The Ease of Doing Business Index, launched in 2003, provided rankings and information on the business environment of different countries, including access to electricity, ability to start a business, and the ability to gain construction permits.
The study in the Journal of Comparative Economics suggests that countries ranked with higher Doing Business scores were associated with lower GDP in the short run, contradicting the widely-held belief that a business-friendly environment, as measured by the Doing Business scores, fosters economic growth.
The study, conducted by a team of economists, analysed the relationship between changes in Doing Business scores and real GDP per capita.
A robust pattern emerged from the data: improvements in Doing Business scores did not have a positive and consistent effect on GDP. Instead, higher scores seemed to temporarily hamper economic growth. The results remained consistent across various specifications and different sources of GDP data, the authors write.
One possible explanation offered by researchers for the surprising results is that the emphasis on achieving higher Doing Business scores may have diverted attention and resources from more substantial economic reforms.
The focus on superficial changes measured by the scores may have distracted countries from broader reforms necessary for sustainable and inclusive growth, they said.
Revamp and relaunch
The latest study debunked the notion that improving the business environment, as measured by Doing Business scores, fast-tracked economic development.
It also highlights the importance of conducting further research to better understand the complex relationship between business environment, economic policies, and GDP growth.
While the study challenges prevailing assumptions, it provides valuable insights into the limitations of using Doing Business scores as a sole indicator of economic performance. It calls for a nuanced approach to economic reforms and underscores the significance of embracing broader institutional and policy factors that shape long-term economic development.
The study also raised concerns that the Doing Business may have incentivised governments to “game” the indicators, focusing their reform efforts on items that are measured by the World Bank but which had a limited real-life impact on the economy.
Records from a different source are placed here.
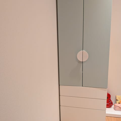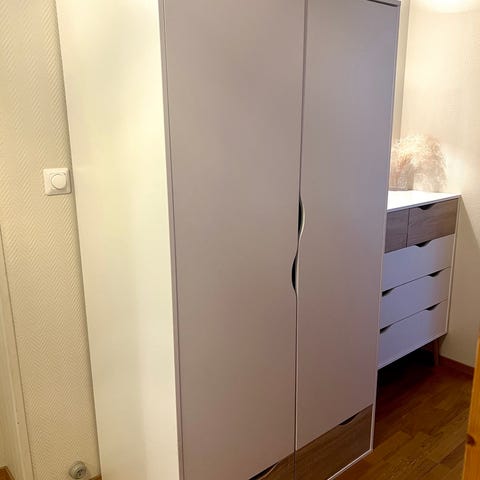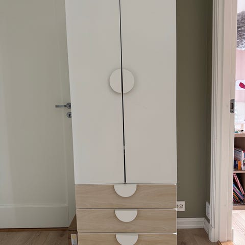 IKEA garderobeskap kombinasjon i hvit og trestruktur. Løsningen består av et høyt skap med garderobestang, hylle og tre skuffer, samt et lavere skap med doble dører og hyller. Skapet har runde knotter i tre. Egnet til oppbevaring av klær, sko og tilbehør/leker på soverom, barnerom eller i gang.
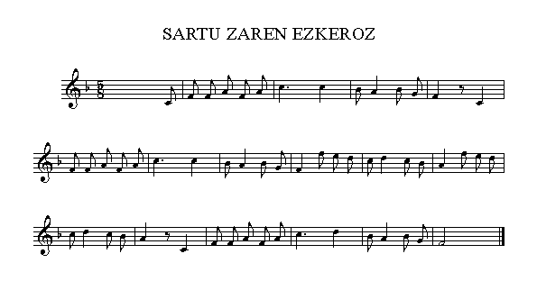 Sartu zaren ezkeroz nere biotzian,Ojala bazinauzkat beti sayetsian.
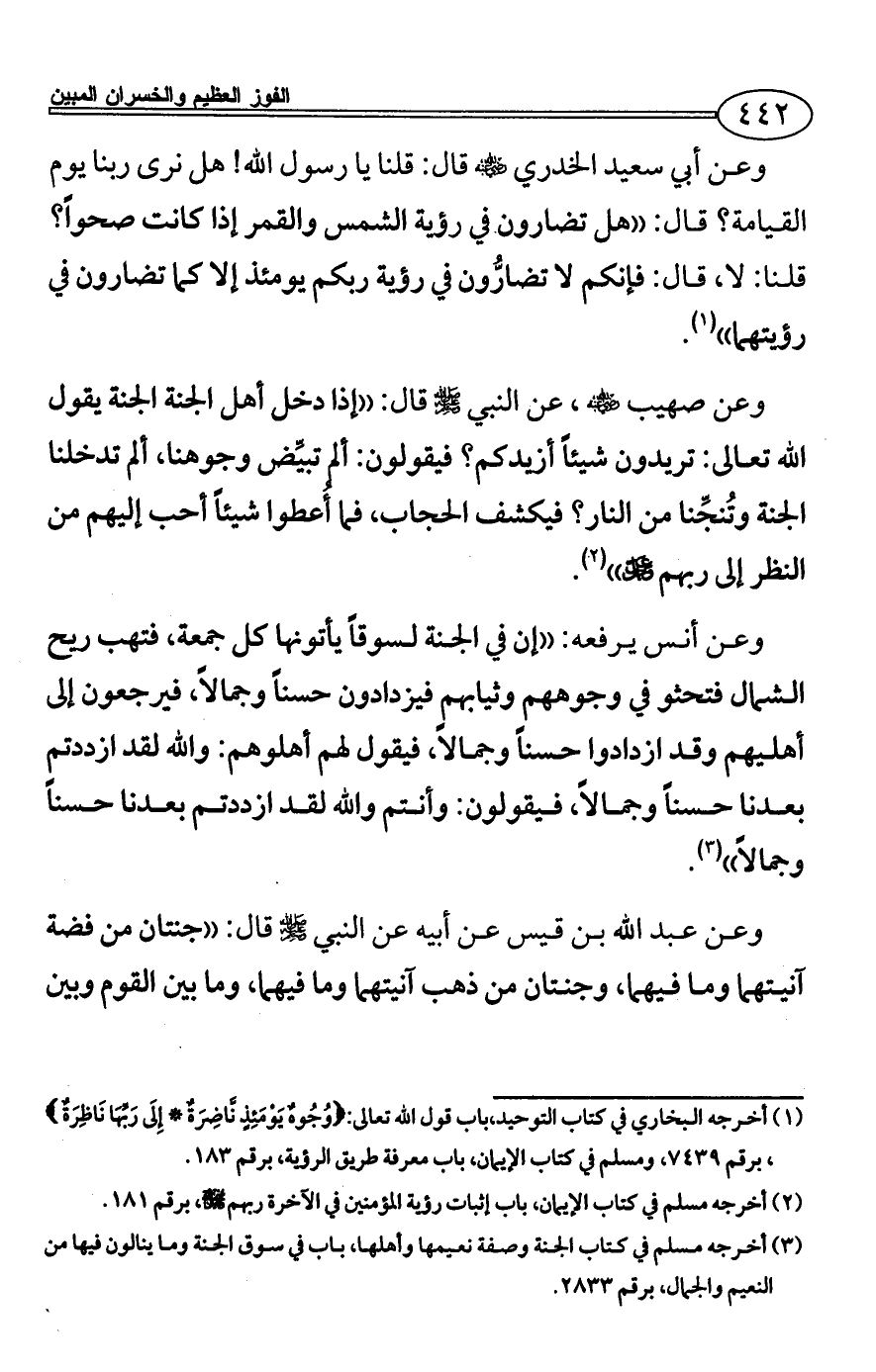 (¬2) أخرجه البخاري في كتاب التوحيد، باب قول الله تعالى: {وُجُوهٌ يَوْمَئِذٍ نَّاضِرَةٌ * إِلَى رَبِّهَا نَاظِرَةٌ}، برقم 7439، ومسلم في كتاب الإيمان، باب معرفة طريق الرؤية، برقم 183.
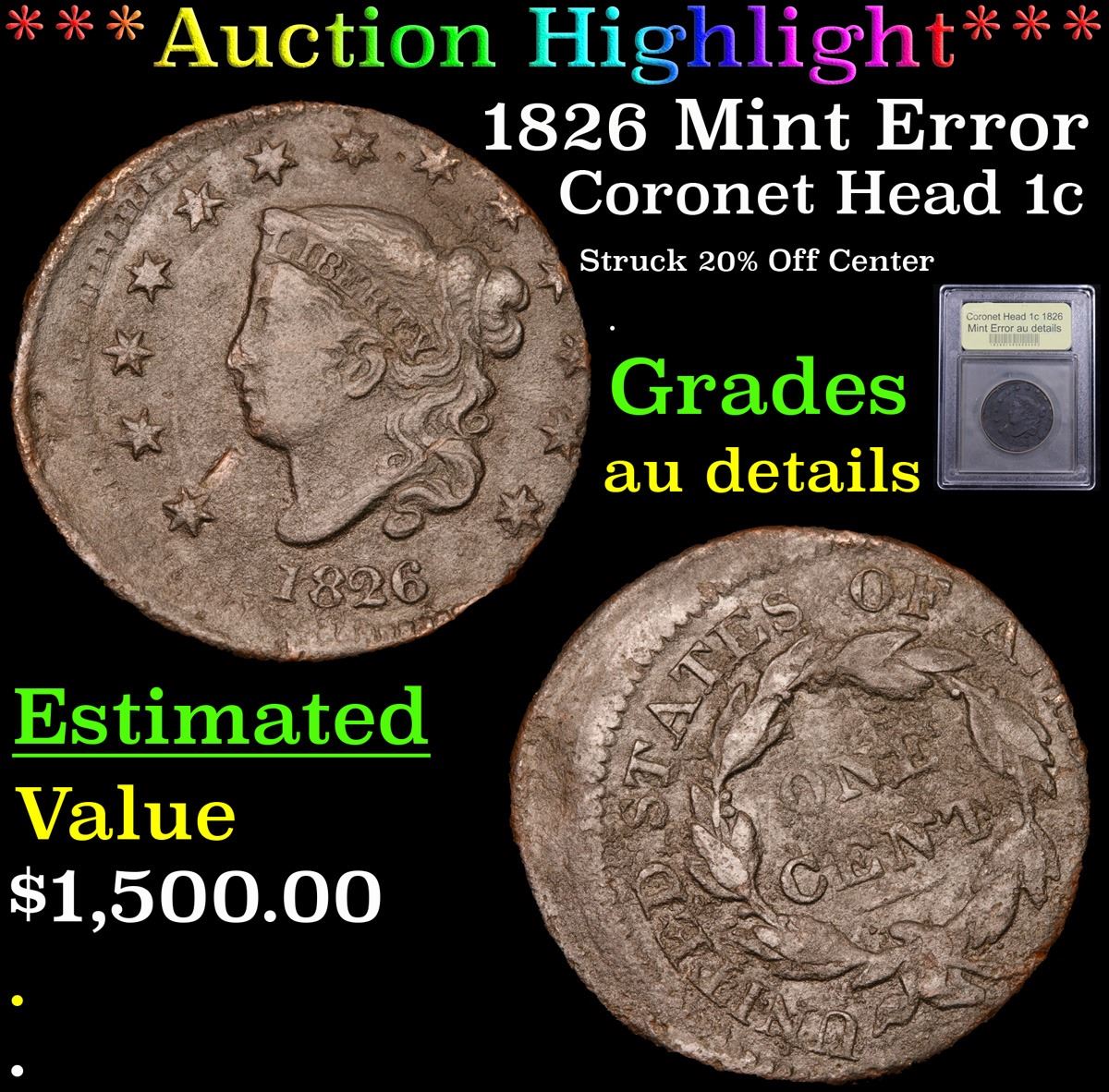 ***Auction Highlight*** 1826 Mint Error Coronet Head Large Cent 1c Graded AU Details By USCG (fc)
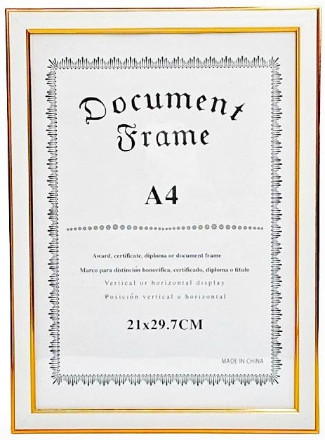 | Фоторамка пластик c оргстеклом А4 (21х30), Белая PS05W-A4-BR с золотым кантом
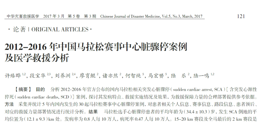 [4] 许臻晔,段宝华,刘养洲,廖育鲲,诸亦然,何智纯,马宏赟,陆乐,陆一鸣.2012-2016年中国马拉松赛事中心脏骤停案例及医学救援分析[J].中华灾害救援医学,2017,5(3):121-126.DOI:10.13919/j.issn.2095-6274.2017.03.001
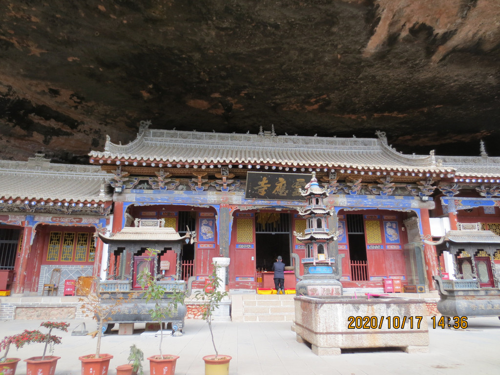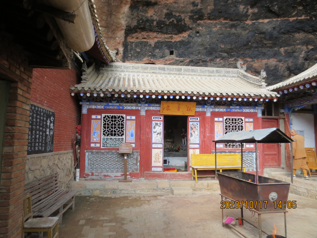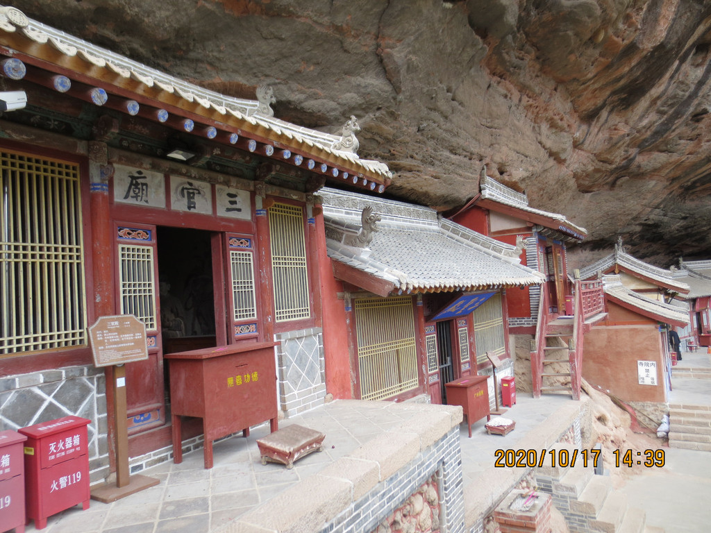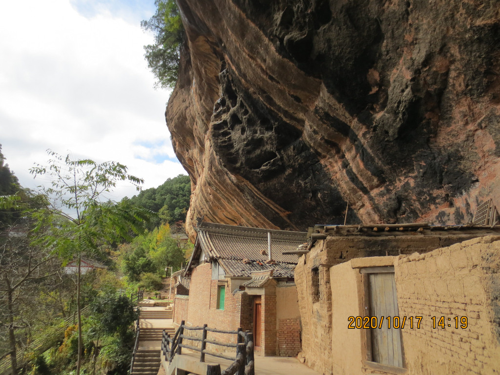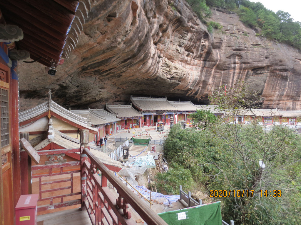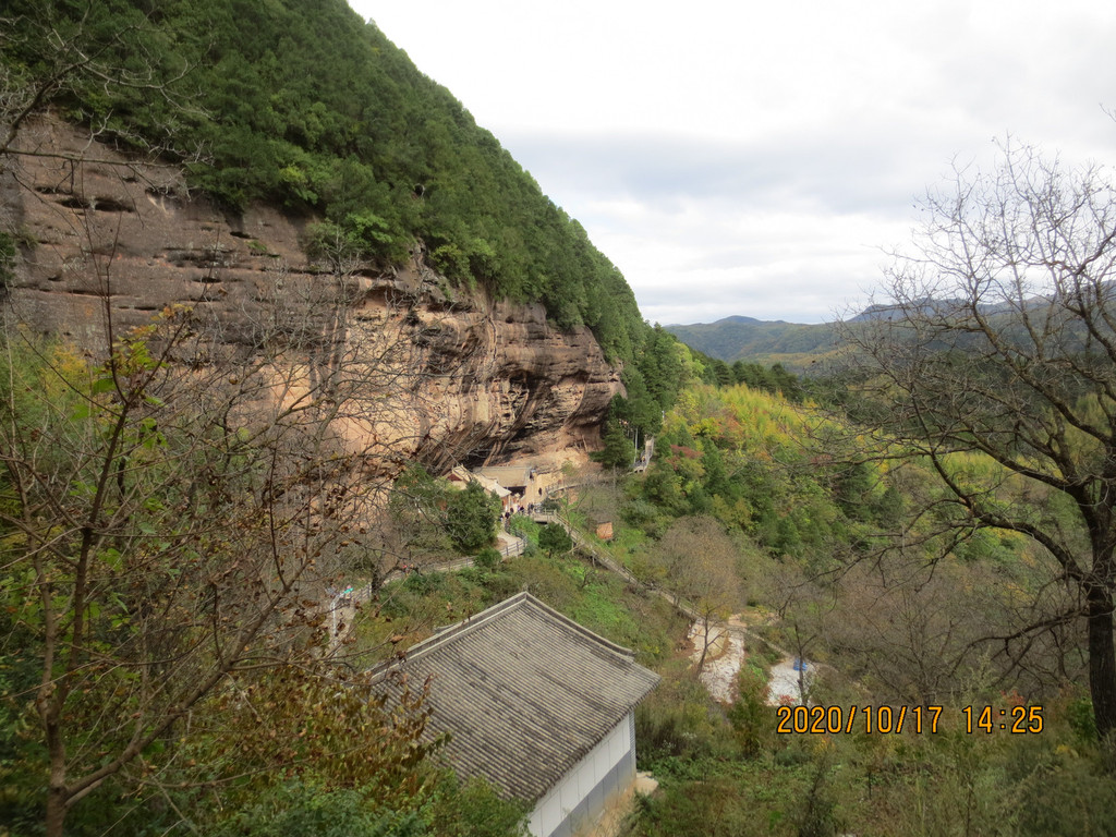 仙人崖景区飞崖寺院群,走到照片左边头上,就是下山的路口,是第一条路。游览时间2小时差不多了,我们回市区是乘仙人崖景区门口的37路公交车,7元票价,是到天水火车站的,它离市区比天水南站还远,一个小时后司机叫我们在火车站前几站下车转1路公交车,3元到市区百货大楼站,到火车站下去转乘1路车还要远。

For example, the 2020 report shows Rwanda ranking 38th world-wide for ease of doing business, ahead of the Netherlands at 42nd.
“This may reflect gaming of the indicators rather than it being easier to do business in Rwanda than the Netherlands,” researchers say.
A 2021 audit documented how the bank’s leadership pressured experts to manipulate the results of the 2018 and 2020 reports.
The World Bank plans to unveil a rebranded version of the flagship report in Q2 2023 with a revised methodology, and a new mission focused on providing a more transparent snapshot of conditions for the private sector.
But the latest study’s questions about the World Bank’s misreading of countries’ growth potential may prompt a reassessment of the role and relevance of the Doing Business project and its rankings, as policymakers seek to design more comprehensive strategies for sustainable economic growth and development.